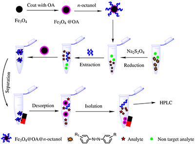 As shown in the figure, n-octanol, which was used as the extractant, and hydrophobic oleic acid modified Fe3O4 nanoparticles (Fe3O4@OA NPs), as an efficient adsorbent, were applied to retrieve the primary aromatic amines (PAAs)-containing n-octanol in the dispersive liquid-liquid microextraction (DLLME) step.
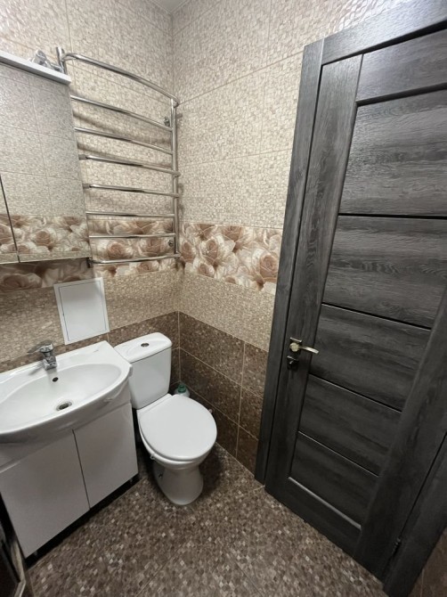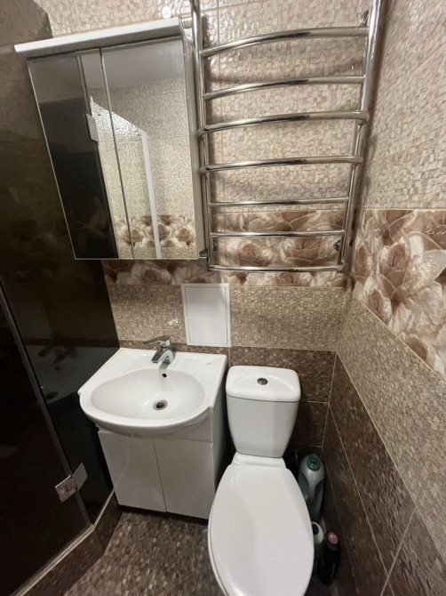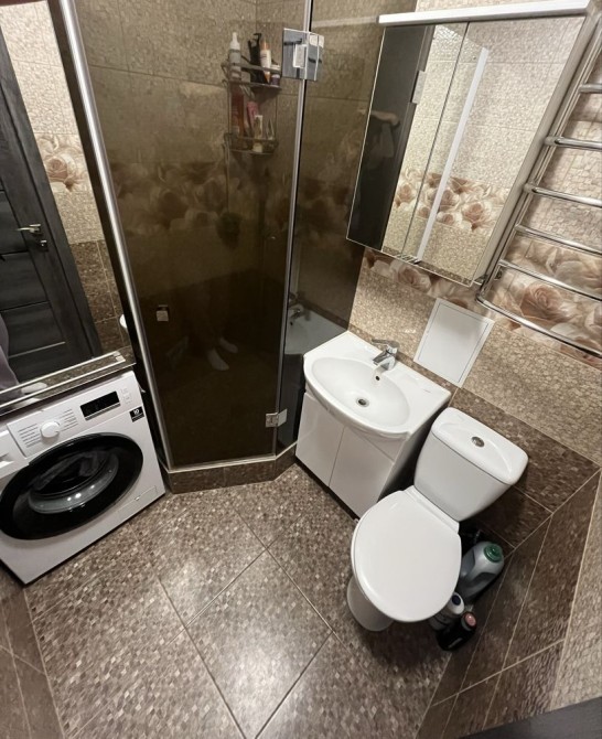 • санвузол суміжний, облицьований сучасним кахелем, з новою сантехнікою, та стильною душовою кабіною;
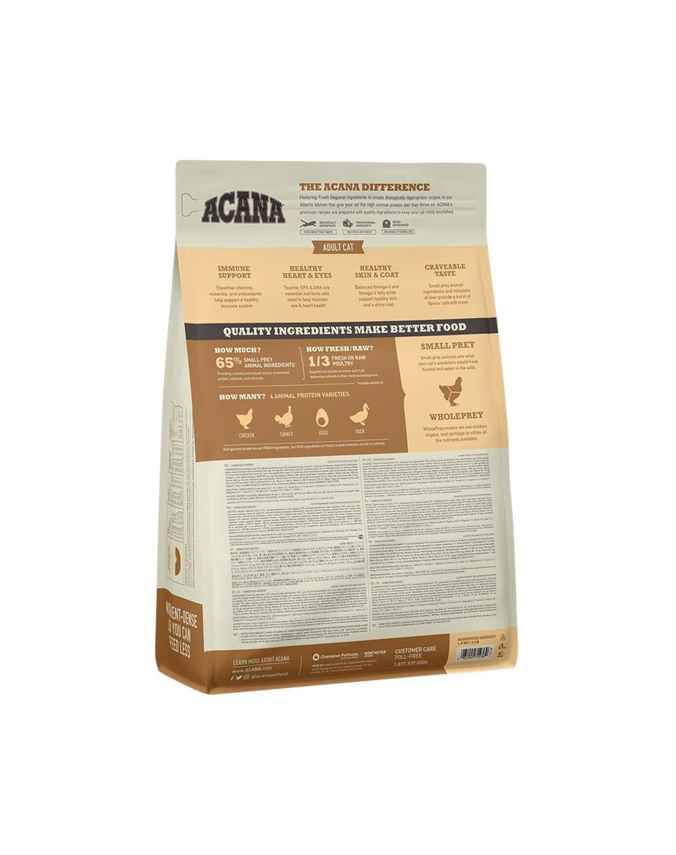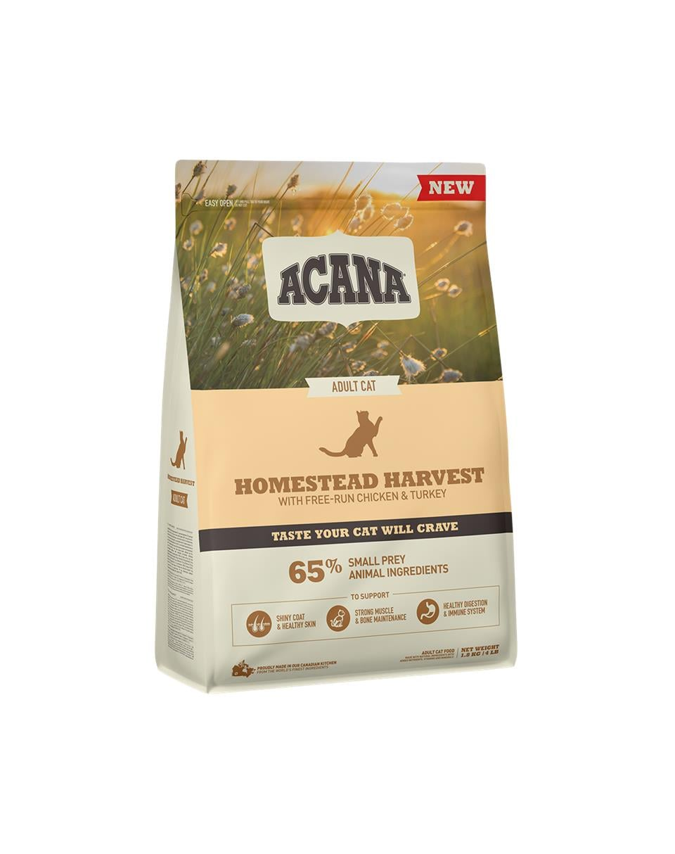 Acana Homestead Harvest este bogată în carne de pui, curcan și rață în proporții WholePrey. Pe lângă carnea de pasăre, conține și organe și cartilaje care hrănesc în mod natural pisica dumneavoastră.
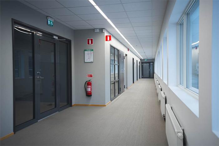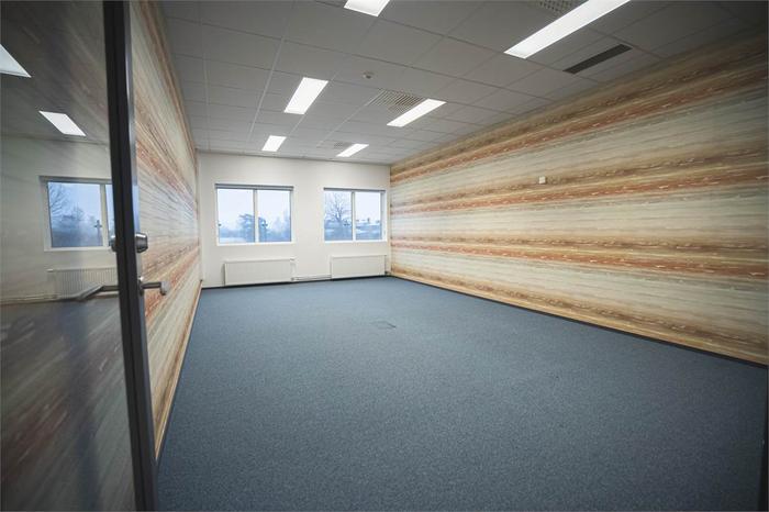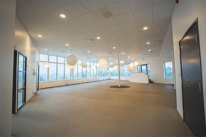 4 separata rum som antingen kan vara kontor, konferens eller mötesrum, tillsammans med en större öppen yta - antingen för arbetsplatser eller lunch-/pausrum.

* **What you need to do**
Leaving out the pictures, reproduce the whole listing above exactly.

* **Response for this exercise**
 As shown in the figure, n-octanol, which was used as the extractant, and hydrophobic oleic acid modified Fe3O4 nanoparticles (Fe3O4@OA NPs), as an efficient adsorbent, were applied to retrieve the primary aromatic amines (PAAs)-containing n-octanol in the dispersive liquid-liquid microextraction (DLLME) step.
 • санвузол суміжний, облицьований сучасним кахелем, з новою сантехнікою, та стильною душовою кабіною;
 Acana Homestead Harvest este bogată în carne de pui, curcan și rață în proporții WholePrey. Pe lângă carnea de pasăre, conține și organe și cartilaje care hrănesc în mod natural pisica dumneavoastră.
 4 separata rum som antingen kan vara kontor, konferens eller mötesrum, tillsammans med en större öppen yta - antingen för arbetsplatser eller lunch-/pausrum.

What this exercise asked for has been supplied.